Stir-fries are great because of how easy it is to make them balanced meals. Protein and vegetables join forces in the skillet or wok to become a one-pan dinner that needs nothing but rice to round things out. This version is spicy and fragrant, thanks to a healthy dose of Asian chili-garlic sauce and grated fresh ginger.
For the sauce:
3 tablespoons tamari or soy sauce
1 tablespoon grated or minced fresh ginger
1 tablespoon sambal oelek or Asian chili-garlic sauce
2 teaspoons toasted (Asian) sesame oil
For the stir-fry and serving:
1 lb. zucchini (about 3 medium)
2 tablespoons canola or vegetable oil, divided
1 lb. ground pork*
Freshly ground black pepper
¼ cup thinly sliced scallions
Cooked white or brown rice, for serving
1. Make the sauce: Stir all the ingredients together in a small bowl and set aside.
2. Make the stir-fry: Cut each zucchini in half lengthwise, then slice each half crosswise into 1/2-inch-thick half-moons.

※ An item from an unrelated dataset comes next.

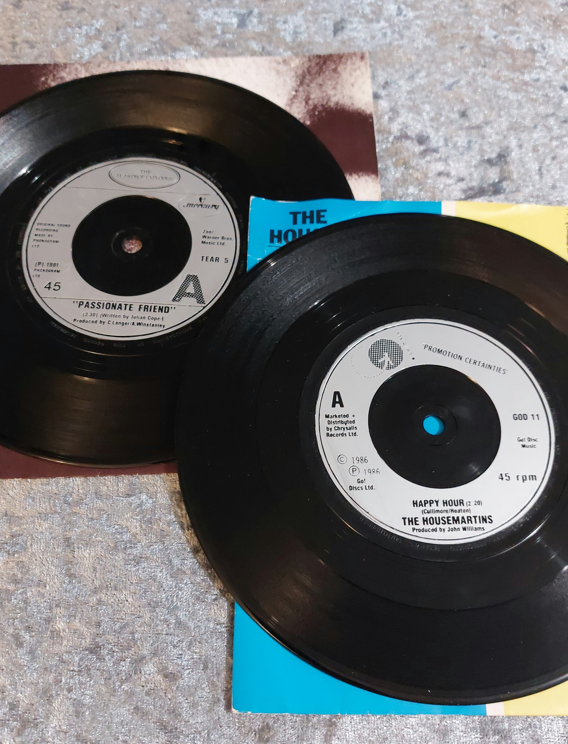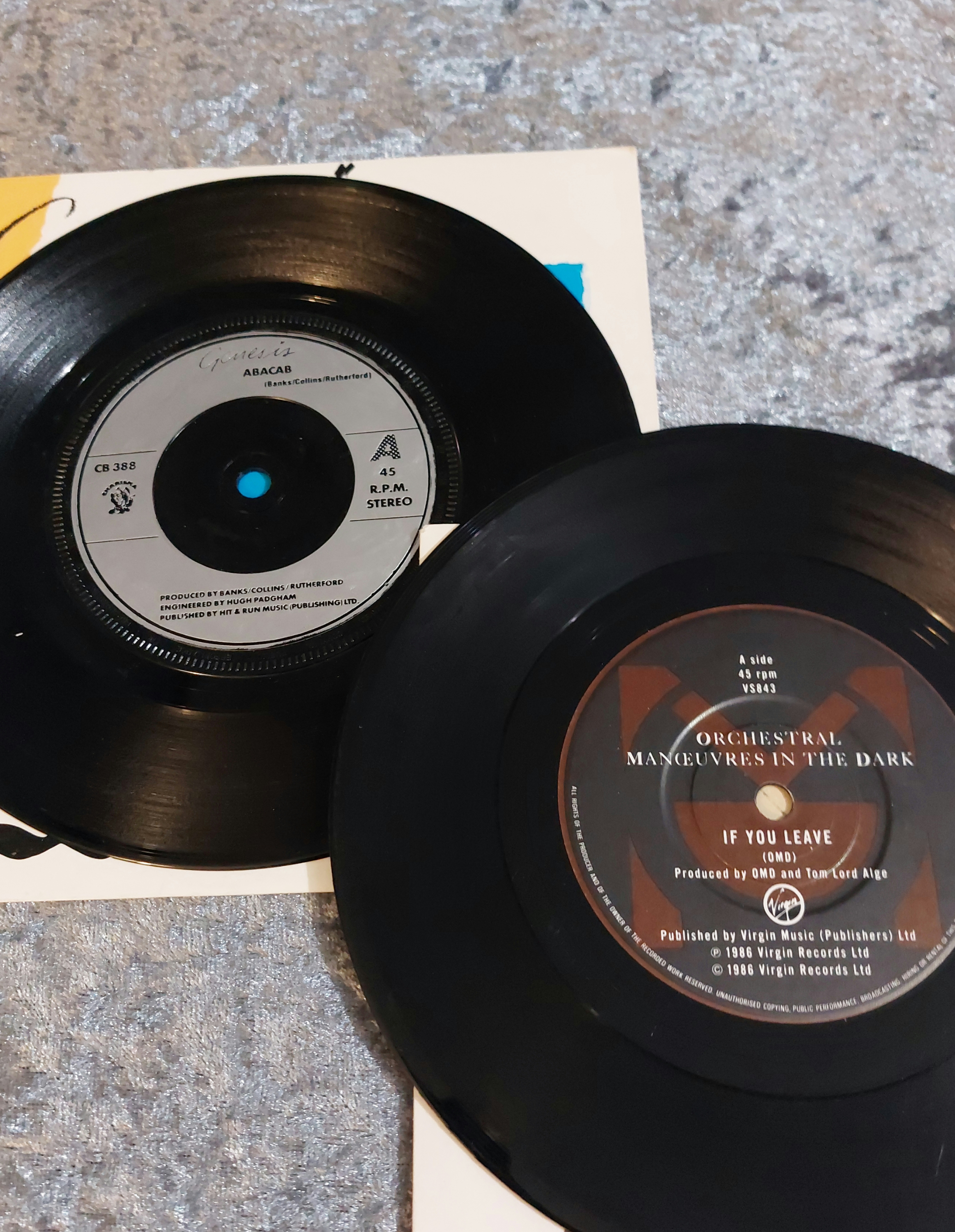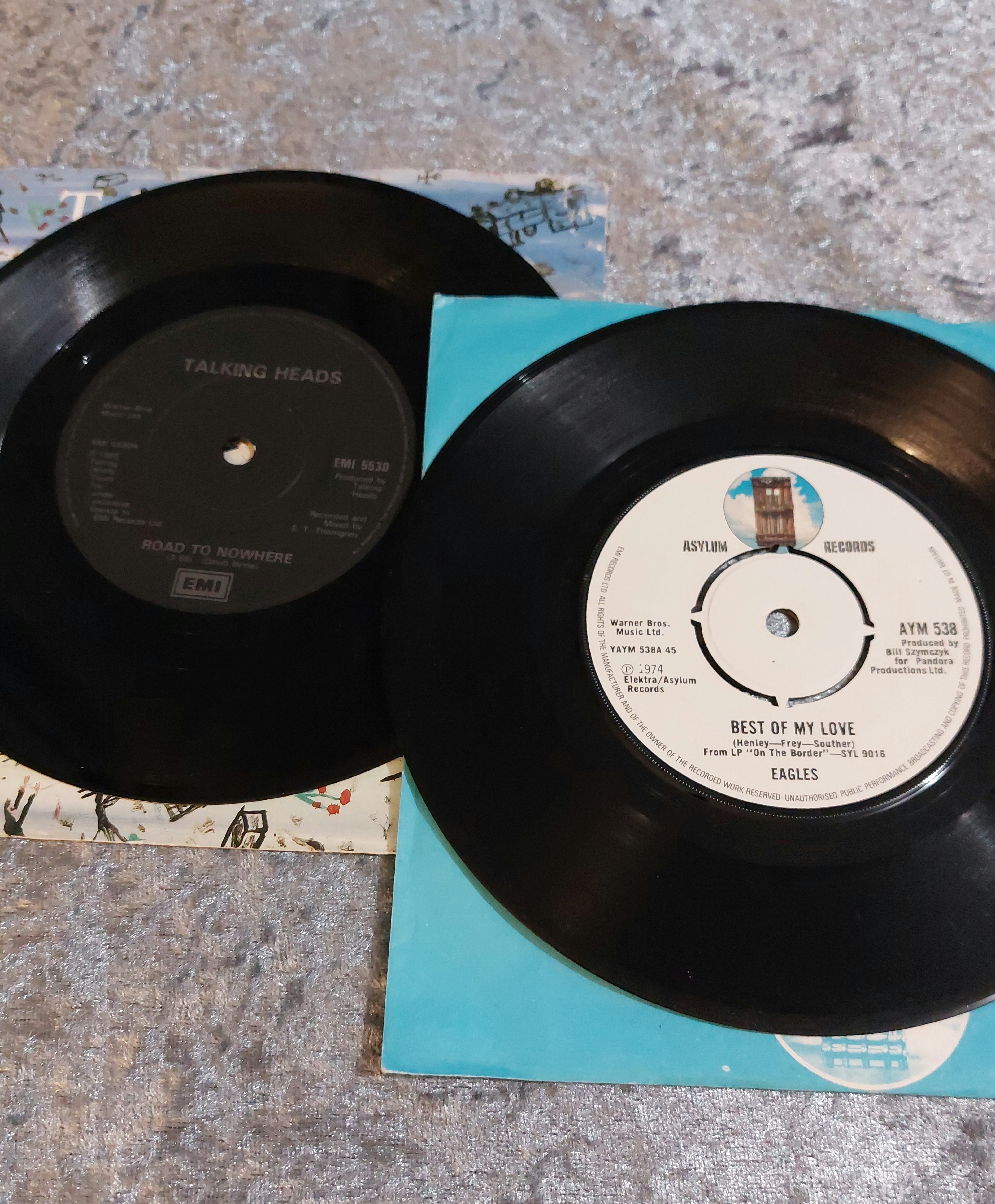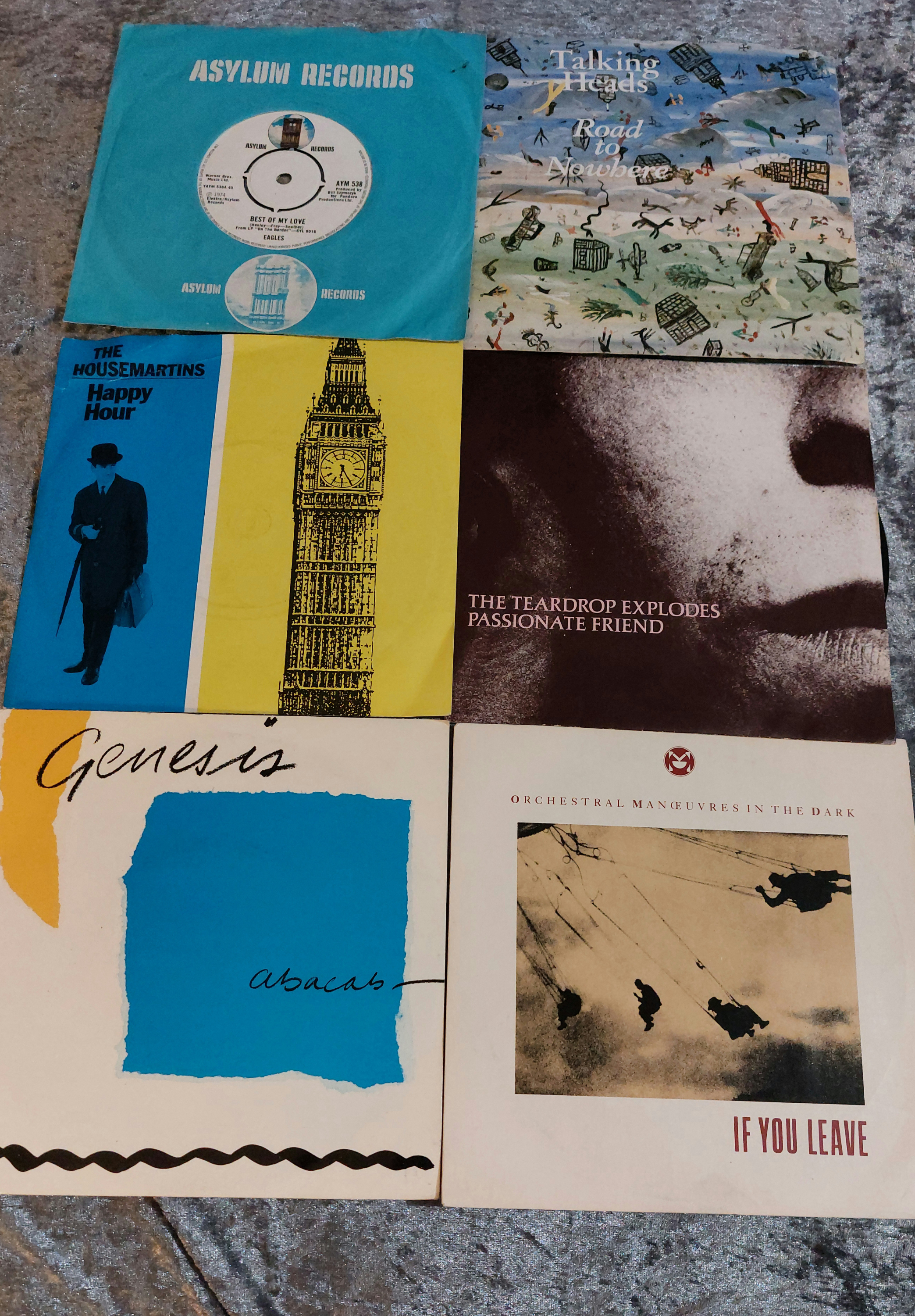 A collection of eight 7-inch vinyl singles featuring various artists, including Talking Heads, Eagles, The Housemartins, Genesis, Orchestral Manoeuvres in the Dark, and The Teardrop Explodes. The records appear to be in generally good condition and are housed in their original picture sleeves, which exhibit a range of styles and designs. Labels include artist and song titles, record company logos (Asylum, EMI, Virgin), production details, and catalog numbers. The singles appear to date from the late 1970s to the 1980s.

3. Heat a flat-bottomed wok or large frying pan over medium-high heat until a drop of water vaporizes immediately on contact. Drizzle 1 tablespoon of the oil around the pan, add the pork, and season with salt and pepper. Let cook undisturbed for 30 seconds, then break the pork into small, bite-sized pieces and continue stir-frying until it’s cooked through and golden-brown, about 5 minutes. Transfer the pork to a paper towel-lined plated and drain the pan of excess fat.
4. Drizzle the remaining 1 tablespoon of oil in the pan, add the zucchini, and spread out into one even layer. Let cook undisturbed for 30 seconds. Stir-fry the zucchini until browned and just tender, about 5 minutes more.

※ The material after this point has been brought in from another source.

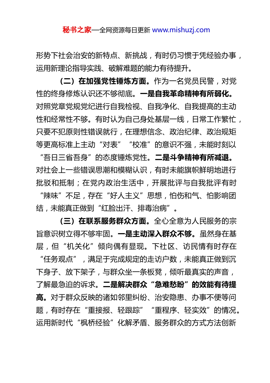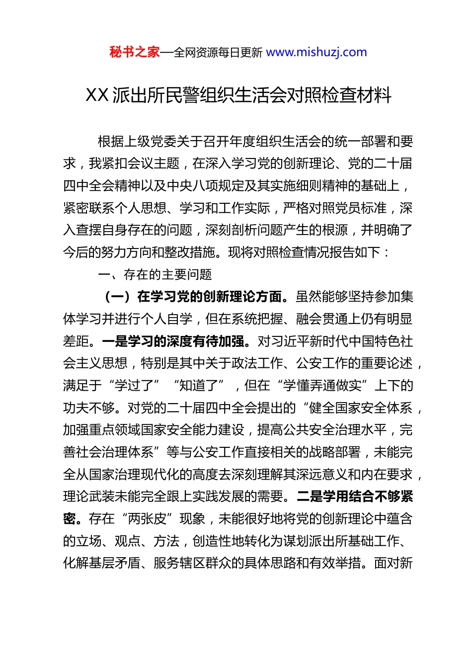 秘书之家—全网资源每日更新 www.mishuzj.comXX 派出所民警组织生活会对照检查材料根据上级党委关于召开年度组织生活会的统一部署和要求,我紧扣会议主题,在深入学习党的创新理论、党的二十届四中全会精神以及中央八项规定及其实施细则精神的基础上,紧密联系个人思想、学习和工作实际,严格对照党员标准,深入查摆自身存在的问题,深刻剖析问题产生的根源,并明确了今后的努力方向和整改措施。现将对照检查情况报告如下:一、存在的主要问题(一)在学习党的创新理论方面。虽然能够坚持参加集体学习并进行个人自学,但在系统把握、融会贯通上仍有明显差距。一是学习的深度有待加强。对习近平新时代中国特色社会主义思想,特别是其中关于政法工作、公安工作的重要论述,满足于“学过了”“知道了”,但在“学懂弄通做实”上下的功夫不够。对党的二十届四中全会提出的“健全国家安全体系,加强重点领域国家安全能力建设,提高公共安全治理水平,完善社会治理体系”等与公安工作直接相关的战略部署,未能完全从国家治理现代化的高度去深刻理解其深远意义和内在要求,理论武装未能完全跟上实践发展的需要。二是学用结合不够紧密。存在“两张皮”现象,未能很好地将党的创新理论中蕴含的立场、观点、方法,创造性地转化为谋划派出所基础工作、化解基层矛盾、服务辖区群众的具体思路和有效举措。面对新秘书之家—全网资源每日更新 www.mishuzj.com形势下社会治安的新特点、新挑战,有时仍习惯于凭经验办事,运用新理论指导实践、破解难题的能力有待提升。(二)在加强党性锤炼方面。作为一名党员民警,对党性的终身修炼认识还不够彻底。一是自我革命精神有所弱化。对照党章党规党纪进行自我检视、自我净化、自我提高的主动性和经常性不够。有时认为自己身处基层一线,日常工作繁忙,只要不犯原则性错误就行,在理想信念、政治纪律、政治规矩等更高标准上主动“对表”“校准”的意识不强,未能时刻以“吾日三省吾身”的态度锤炼党性。二是斗争精神有所减退。对社会上一些错误思潮和模糊认识,有时未能旗帜鲜明地进行批驳和抵制;在党内政治生活中,开展批评与自我批评有时“辣味”不足,存在“好人主义”思想,怕伤和气、怕影响团结,未能真正做到“红脸出汗、排毒治病”。(三)在联系服务群众方面。全心全意为人民服务的宗旨意识树立得不够牢固。一是主动深入群众不够。虽然身在基层,但“机关化”倾向偶有显现。下社区、访民情有时存在“任务观点”,满足于完成规定的走访户数,未能真正做到沉下身子、放下架子,与群众坐一条板凳,倾听最真实的声音,了解最急迫的诉求。二是解决群众“急难愁盼”的效能有待提高。对于群众反映的诸如邻里纠纷、治安隐患、办事不便等问题,有时存在“重接报、轻跟踪”“重程序、轻实效”的情况。运用新时代“枫桥经验”化解矛盾、服务群众的方式方法创新秘书之家—全网资源每日更新 www.mishuzj.com不足,未能完全做到“民有所呼、我有所应”,与群众期待的“家门口的派出所”还有距离。(四)在发挥先锋模范作用方面。对照党员民警的先进标准,冲锋在前、示范引领作用发挥不充分。一是在攻坚克难上担当作为有欠缺。面对派出所工作中一些历史遗留的“硬骨头”或需要多方协调的复杂案件、事件时,有时存在畏难情绪和“等靠要”思想,主动“揭榜挂帅”、迎难而上的劲头不足。二是日常工作中的标杆作用不突出。满足于完成领导交办的任务和本职工作,但在“主动想事、积极干事、努力成事”上标准不高。在警务技能提升、执法规范化建设、智慧警务应用等方面,刻苦钻研、精益求精的精神有所懈怠,未能时时处处以“排头兵”的标准要求自己,带动身边同事共同进步的意识和行动不够。(五)在改作风树新风方面。对照中央八项规定精神及其实施细则的要求,以及全党正在开展的深入贯彻中央八项规定精神学习教育活动部署,自身作风建设仍有短板。一是形式主义、官僚主义仍有残留。例如,在撰写部分工作汇报、台账记录时,有时过于强调形式规范,而在内容实效上思考不深;在落实上级部署时,偶尔存在简单传达、机械执行的情况,未能紧密结合辖区实际进行创造性...

5. Return the pork to the skillet, add the sauce, and stir-fry until the sauce is well-incorporated and the zucchini begins to look glossy, about 30 seconds more. Garnish with the scallions and serve over rice.
Make ahead: The sauce can be made 1 day in advance and stored in a covered container in the refrigerator. Let the sauce sit at room temperature while preparing the stir-fry, and stir before adding to the pan.
Storage: Leftovers can be stored in an airtight container in the refrigerator for up to 3 days.
* I made this using Target Brand Boneless Sirloin Diced Pork that I ground myself. Served with 1 cup of rice per serving.
9 WW Freestyle SmartPoints per serving using Target Bread Boneless Sirloin. If using regular ground pork, 11 Freestyle SmartPoints.